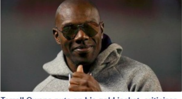
Terrell Owens puts on his gold jacket, criticizes Hall of Fame voters
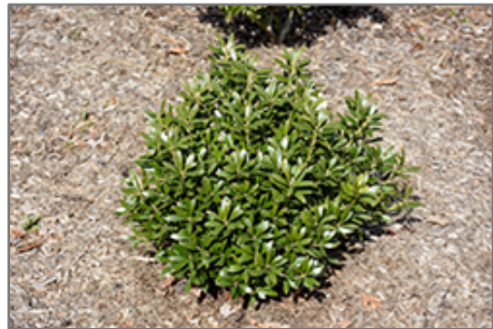
Gem Box Inkberry Holly
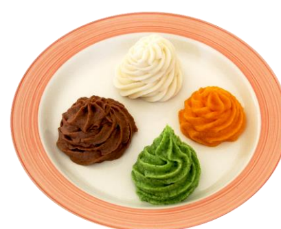
Level 4 Puréed
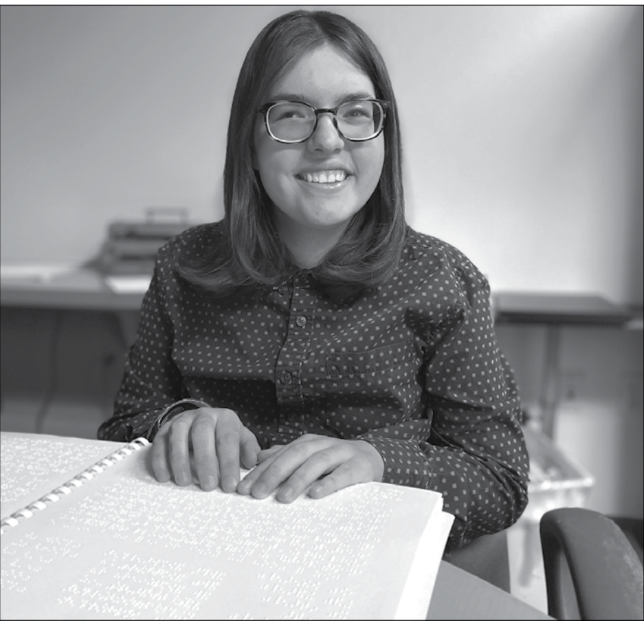
A student learns Braille at Society for the Blind. The organization just received a grant from Golden 1 to help youth with vision loss learn Braille.
##############################
* _Action item_
Could you copy the lines above exactly and skip the images?

* _Task solution_
Terrell Owens puts on his gold jacket, criticizes Hall of Fame voters
Gem Box Inkberry Holly
Level 4 Puréed
A student learns Braille at Society for the Blind. The organization just received a grant from Golden 1 to help youth with vision loss learn Braille.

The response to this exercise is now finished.